> Problem details: Please transcribe the records precisely; pictures stay out of your copy.
-- Dataset records follows --
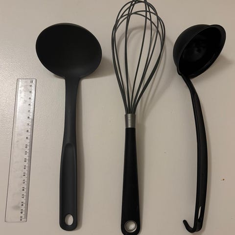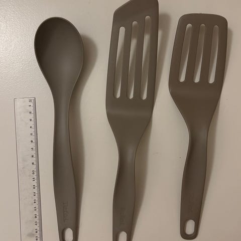 Keittiövälineet, joihin kuuluu kaksi puista työvälinettä (lastamainen ja haarukkamainen) sekä puuvarrellinen silikoninuolija turkoosilla päällä. Välineet soveltuvat ruoanlaittoon ja leivontaan, ja puumateriaali on hellävarainen pinnoitetuille pannuille ja kattiloille. Mukana kuvissa mitta-asteikko pituuden hahmottamista varten.
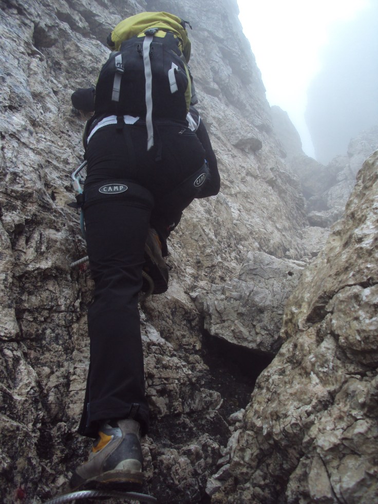Segue un alternarsi di balze, terrazzoni di ghiaia e attrezzature, sempre su modeste difficoltà. Si aggira tutta la dorsale verso destra fino ad incunearsi in alcuni canali detritici dove sono presenti 2 tratti più atletici che guidano al facile spallone finale; dove necesario sono state ancorate anche delle zanche per agevolare la salita. Si ride e si scherza.. Verso la cima si attreversa una dorsale con delle profonde fessure di cui non si intuisce il fondo, fenomeni geologici impressionanti che lasciano esterrefatti. Arriviamo alla cima senza rendercene conto, se non per un grosso ammasso di sassoni a cui contribuisco posandone un altro.
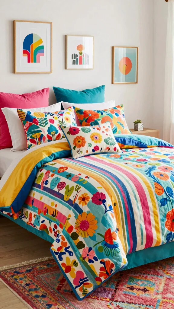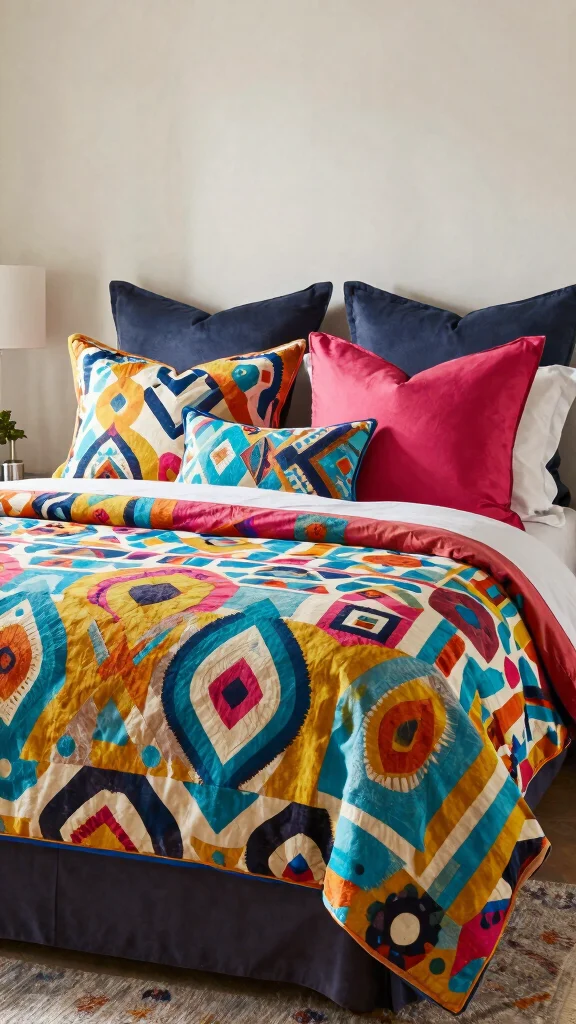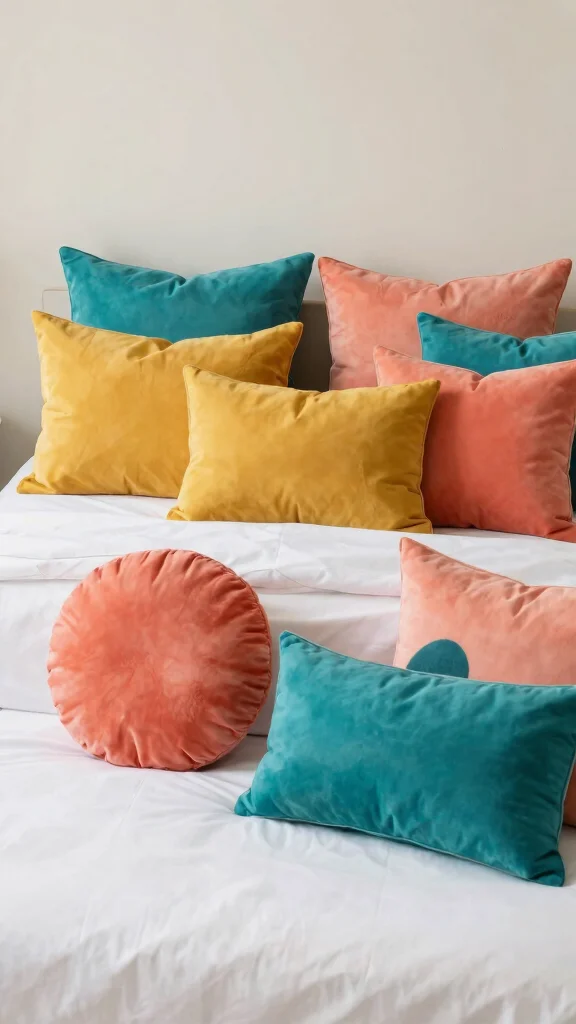 Incorporate various shapes—rectangular, square, and round—to keep the arrangement dynamic and engaging. This vibrant contrast can uplift your bedroom’s mood, making it feel cheerful and lively. Remember to include a few textured pillows to enhance depth.
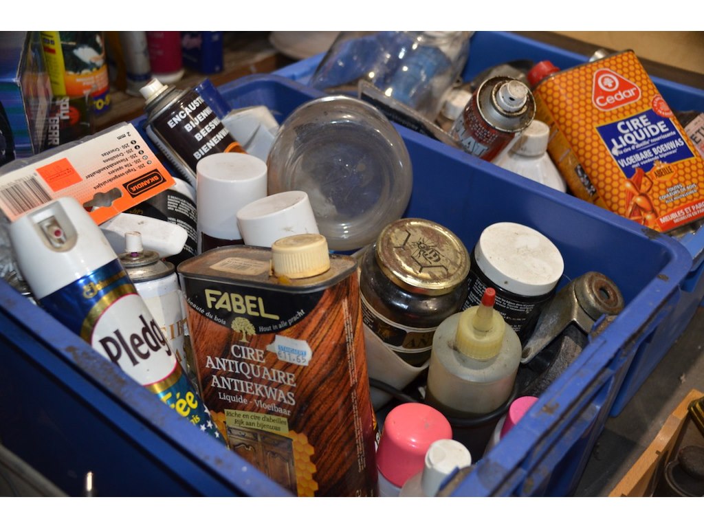 2x blauwe bak met diverse producten
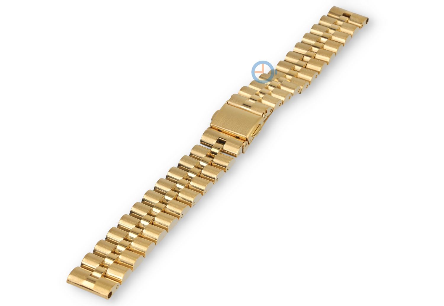 14mm metal watch strap in Rolex President style. A President-style strap is known for its matte outer links and polished, rounded center links – a design often seen on Rolex Day-Date watches.
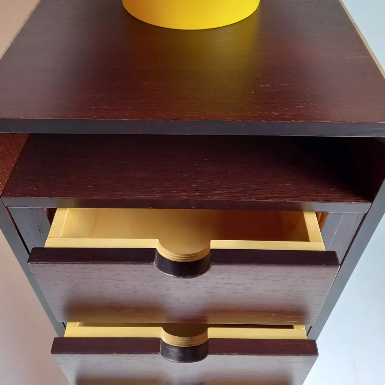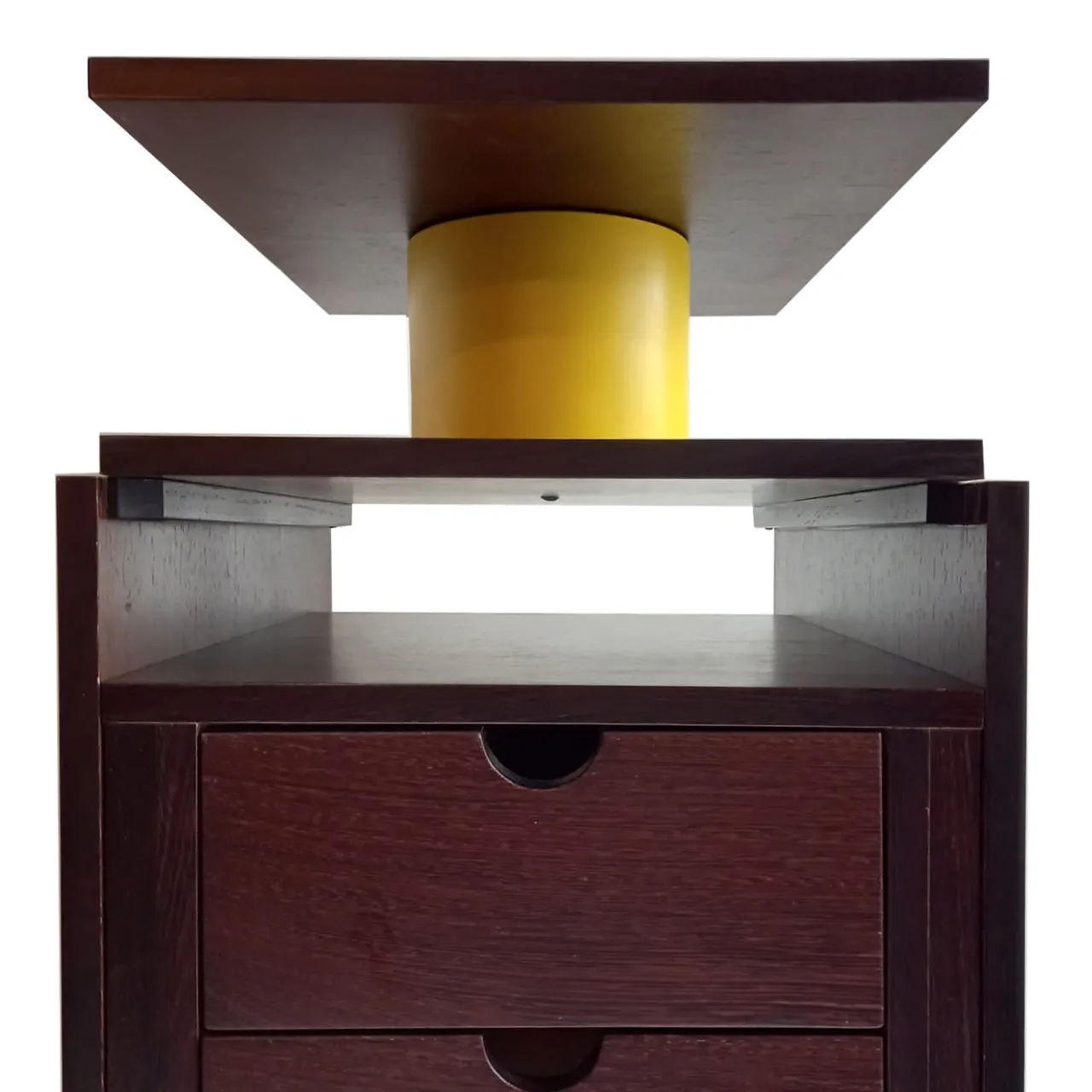 Parte di un’edizione limitata a soli dieci pezzi numerati e firmati, questa cassettiera è una celebrazione di volumi rigorosi e contrasti vibranti. La struttura cuneiforme vanta inserti in radica di frassino, i cui conflitti di finitura sono ulteriormente ravvivati dal cilindro in terracotta laccata gialla che sostiene un originale piano girevole.
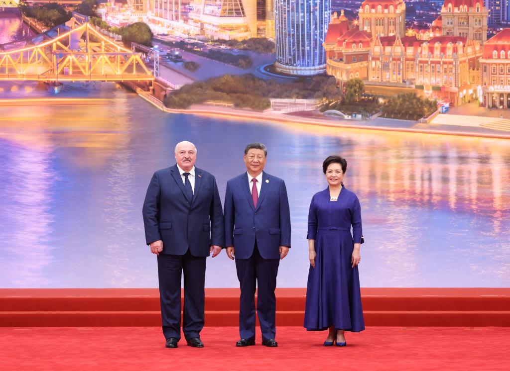 Chinese President Xi Jinping and his wife, Peng Liyuan, pose for a group photo with Belarusian President Alexander Lukashenko at the Meijiang Convention and Exhibition Center in Tianjin, north China, Aug. 31, 2025. Xi and Peng on Sunday hosted a banquet in China's port city of Tianjin to welcome international guests who are here to attend the Shanghai Cooperation Organization (SCO) Summit 2025. (Xinhua/Huang Jingwen)
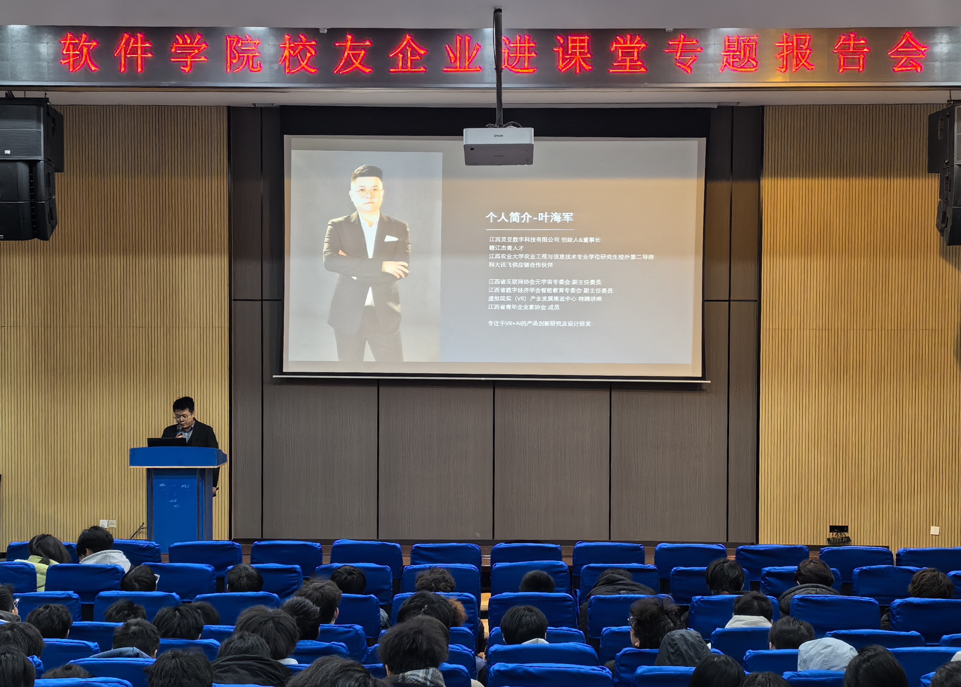 叶海军分享了自己在江西农大的老员工活和毕业后的创业历程,介绍了软件工程、物联网专业适配岗位以及就业方向,勉励同学们明确职业目标,提升纪律性、自驱力、学习力和创新力。报告结束后,叶海军与同学们开展互动交流,积极为大家答疑解惑。
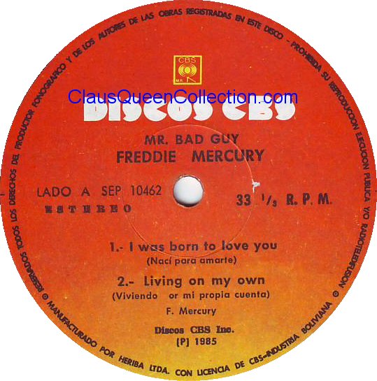 – 1985 – Mr. Bad Guy E.P. – (Bolivia CBS SEP 10462) LABEL
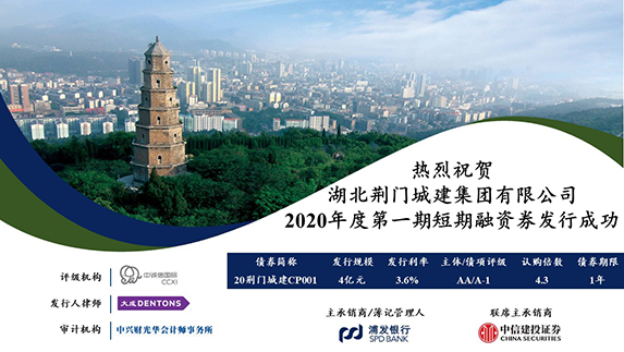 8月20日,市城控集團(tuán)所屬荊門城建集團(tuán)2020年度第一期短期融資券(20荊門城建CP001)成功發(fā)行,發(fā)行規(guī)模4億元,期限1年,票面利率3.6%。該債券為荊門市非金融企業(yè)成功發(fā)行的首單短期融資券,也是近5年發(fā)行利率首破4%的公開市場債券,3.6%的發(fā)行利率創(chuàng)全市近5年來公開發(fā)債市場利率最低。
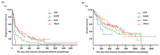 ALK gene rearrangement occurs in a small portion of patients with non-small-cell lung cancer (NSCLC) [5], but it accounts for about 30%–40% of lung adenocarcinoma in young individuals, and is present in many non-smokers and patients with epidermal growth factor receptor (EGFR)-mutated lung cancer [6,7,8]. ALK tyrosine kinase inhibitors (TKIs) are effective in NSCLC patients with ALK gene rearrangement. Crizotinib, a first-generation ALK inhibitor that was originally developed as a c-Met inhibitor, also potently inhibits ALK kinase [9,10]. Crizotinib showed clinical benefit for NSCLC patients with ALK rearrangement beyond cytotoxic chemotherapy in the PROFILE 1007 trial and PROFILE 1014 trial, and has been approved and used in clinical practice [9,10]. However, after the initial positive response, all patients developed resistance to crizotinib after approximately one year. The most frequent resistance mechanism is the L1196M gatekeeper mutation, but resistance mechanisms of ALK inhibitors are more diverse than those of EGFR TKIs [11,12,13]. Second-generation ALK inhibitors have been developed as effective drugs for ALK-positive NSCLC patients who have acquired resistance, such as alectinib, which has shown remarkable efficacy after acquired resistance to crizotinib in clinical trials [14]. To answer the question of whether sequential treatment with alectinib after crizotinib is better than alectinib for ALK-positive NSCLC as an initial treatment, alectinib and crizotinib were previously compared as a first-line treatment for ALK-positive NSCLC. The results showed that alectinib was superior to crizotinib as a first-line treatment for ALK-positive NSCLC [15,16]. However, resistance to alectinib eventually developed. Moreover, the resistance mechanism of alectinib has been reported to be more diverse than that of crizotinib [17]. Approximately 30% of resistance to ALK inhibitors is due to gene mutations, but the new acquired resistance mechanisms are diverse [18]. Attempting to overcome resistance by focusing on resistant mutated genes is not a common treatment strategy [19]. Therefore, cytotoxic chemotherapy and immune therapy are needed to treat patients who develop resistance to ALK inhibitors. Treatment after acquired resistance to ALK inhibitors include other ALK inhibitors, but an immune checkpoint inhibitor (ICI) + chemotherapy, which is the standard first-line treatment for NSCLC without a driver oncogene, is a candidate for ALK inhibitor resistance. However, there is less data on the efficacy of ICIs for ALK-rearranged NSCLC. Among the clinical trials for ICI + chemotherapy, those including ALK- and EGFR-positive cases have reported the use of atezorizumab + bevacizumab + carboplatin + paclitaxel (ABCP) (IMPOWER 150 trial). For EGFR/ALK-positive cases, ABCP showed a 70.6% objective response rate (ORR), and ABCP was superior to BCP in progression-free survival (PFS) and overall survival (OS) in a subgroup analysis (PFS—hazard ratio (HR): 0.59, 95% confidence interval (CI): 0.37–0.94; OS—HR: 0.54, 95% CI: 0.29–1.0). However, only 11 ALK-positive cases were included in the IMPOWER 150 trial [20]. Similarly, there are a few reports of ALK-positive NSCLC with ICI monotherapy [21,22]. Additionally, in many clinical trials, ALK and EGFR are administered in combination. Although the backgrounds of patients who have EGFR- and ALK-positive tumors commonly include non-smokers and young patients [6,7,8], it is unclear whether a similar clinical course is followed in immunotherapy. It has been reported that programmed death-ligand 1 (PD-L1) expression is high in ALK-positive lung cancer [23,24]. PD-L1 expression is one of the predictors of efficacy for ICI treatment [25,26]. However, there are a few reports of studies that have investigated the efficacy of PD-1 inhibitors in ALK-rearranged NSCLC patients [21,22]. Therefore, we compared the efficacies of ICIs for the treatment of lung adenocarcinoma with ALK rearrangement and other oncogene drivers, including EGFR mutations.
-- Dataset records concluded --
> Solution:
 Keittiövälineet, joihin kuuluu kaksi puista työvälinettä (lastamainen ja haarukkamainen) sekä puuvarrellinen silikoninuolija turkoosilla päällä. Välineet soveltuvat ruoanlaittoon ja leivontaan, ja puumateriaali on hellävarainen pinnoitetuille pannuille ja kattiloille. Mukana kuvissa mitta-asteikko pituuden hahmottamista varten.
Segue un alternarsi di balze, terrazzoni di ghiaia e attrezzature, sempre su modeste difficoltà. Si aggira tutta la dorsale verso destra fino ad incunearsi in alcuni canali detritici dove sono presenti 2 tratti più atletici che guidano al facile spallone finale; dove necesario sono state ancorate anche delle zanche per agevolare la salita. Si ride e si scherza.. Verso la cima si attreversa una dorsale con delle profonde fessure di cui non si intuisce il fondo, fenomeni geologici impressionanti che lasciano esterrefatti. Arriviamo alla cima senza rendercene conto, se non per un grosso ammasso di sassoni a cui contribuisco posandone un altro.
 Incorporate various shapes—rectangular, square, and round—to keep the arrangement dynamic and engaging. This vibrant contrast can uplift your bedroom’s mood, making it feel cheerful and lively. Remember to include a few textured pillows to enhance depth.
 2x blauwe bak met diverse producten
 14mm metal watch strap in Rolex President style. A President-style strap is known for its matte outer links and polished, rounded center links – a design often seen on Rolex Day-Date watches.
 Parte di un’edizione limitata a soli dieci pezzi numerati e firmati, questa cassettiera è una celebrazione di volumi rigorosi e contrasti vibranti. La struttura cuneiforme vanta inserti in radica di frassino, i cui conflitti di finitura sono ulteriormente ravvivati dal cilindro in terracotta laccata gialla che sostiene un originale piano girevole.
 Chinese President Xi Jinping and his wife, Peng Liyuan, pose for a group photo with Belarusian President Alexander Lukashenko at the Meijiang Convention and Exhibition Center in Tianjin, north China, Aug. 31, 2025. Xi and Peng on Sunday hosted a banquet in China's port city of Tianjin to welcome international guests who are here to attend the Shanghai Cooperation Organization (SCO) Summit 2025. (Xinhua/Huang Jingwen)
 叶海军分享了自己在江西农大的老员工活和毕业后的创业历程,介绍了软件工程、物联网专业适配岗位以及就业方向,勉励同学们明确职业目标,提升纪律性、自驱力、学习力和创新力。报告结束后,叶海军与同学们开展互动交流,积极为大家答疑解惑。
 – 1985 – Mr. Bad Guy E.P. – (Bolivia CBS SEP 10462) LABEL
 8月20日,市城控集團(tuán)所屬荊門城建集團(tuán)2020年度第一期短期融資券(20荊門城建CP001)成功發(fā)行,發(fā)行規(guī)模4億元,期限1年,票面利率3.6%。該債券為荊門市非金融企業(yè)成功發(fā)行的首單短期融資券,也是近5年發(fā)行利率首破4%的公開市場債券,3.6%的發(fā)行利率創(chuàng)全市近5年來公開發(fā)債市場利率最低。
 ALK gene rearrangement occurs in a small portion of patients with non-small-cell lung cancer (NSCLC) [5], but it accounts for about 30%–40% of lung adenocarcinoma in young individuals, and is present in many non-smokers and patients with epidermal growth factor receptor (EGFR)-mutated lung cancer [6,7,8]. ALK tyrosine kinase inhibitors (TKIs) are effective in NSCLC patients with ALK gene rearrangement. Crizotinib, a first-generation ALK inhibitor that was originally developed as a c-Met inhibitor, also potently inhibits ALK kinase [9,10]. Crizotinib showed clinical benefit for NSCLC patients with ALK rearrangement beyond cytotoxic chemotherapy in the PROFILE 1007 trial and PROFILE 1014 trial, and has been approved and used in clinical practice [9,10]. However, after the initial positive response, all patients developed resistance to crizotinib after approximately one year. The most frequent resistance mechanism is the L1196M gatekeeper mutation, but resistance mechanisms of ALK inhibitors are more diverse than those of EGFR TKIs [11,12,13]. Second-generation ALK inhibitors have been developed as effective drugs for ALK-positive NSCLC patients who have acquired resistance, such as alectinib, which has shown remarkable efficacy after acquired resistance to crizotinib in clinical trials [14]. To answer the question of whether sequential treatment with alectinib after crizotinib is better than alectinib for ALK-positive NSCLC as an initial treatment, alectinib and crizotinib were previously compared as a first-line treatment for ALK-positive NSCLC. The results showed that alectinib was superior to crizotinib as a first-line treatment for ALK-positive NSCLC [15,16]. However, resistance to alectinib eventually developed. Moreover, the resistance mechanism of alectinib has been reported to be more diverse than that of crizotinib [17]. Approximately 30% of resistance to ALK inhibitors is due to gene mutations, but the new acquired resistance mechanisms are diverse [18]. Attempting to overcome resistance by focusing on resistant mutated genes is not a common treatment strategy [19]. Therefore, cytotoxic chemotherapy and immune therapy are needed to treat patients who develop resistance to ALK inhibitors. Treatment after acquired resistance to ALK inhibitors include other ALK inhibitors, but an immune checkpoint inhibitor (ICI) + chemotherapy, which is the standard first-line treatment for NSCLC without a driver oncogene, is a candidate for ALK inhibitor resistance. However, there is less data on the efficacy of ICIs for ALK-rearranged NSCLC. Among the clinical trials for ICI + chemotherapy, those including ALK- and EGFR-positive cases have reported the use of atezorizumab + bevacizumab + carboplatin + paclitaxel (ABCP) (IMPOWER 150 trial). For EGFR/ALK-positive cases, ABCP showed a 70.6% objective response rate (ORR), and ABCP was superior to BCP in progression-free survival (PFS) and overall survival (OS) in a subgroup analysis (PFS—hazard ratio (HR): 0.59, 95% confidence interval (CI): 0.37–0.94; OS—HR: 0.54, 95% CI: 0.29–1.0). However, only 11 ALK-positive cases were included in the IMPOWER 150 trial [20]. Similarly, there are a few reports of ALK-positive NSCLC with ICI monotherapy [21,22]. Additionally, in many clinical trials, ALK and EGFR are administered in combination. Although the backgrounds of patients who have EGFR- and ALK-positive tumors commonly include non-smokers and young patients [6,7,8], it is unclear whether a similar clinical course is followed in immunotherapy. It has been reported that programmed death-ligand 1 (PD-L1) expression is high in ALK-positive lung cancer [23,24]. PD-L1 expression is one of the predictors of efficacy for ICI treatment [25,26]. However, there are a few reports of studies that have investigated the efficacy of PD-1 inhibitors in ALK-rearranged NSCLC patients [21,22]. Therefore, we compared the efficacies of ICIs for the treatment of lung adenocarcinoma with ALK rearrangement and other oncogene drivers, including EGFR mutations.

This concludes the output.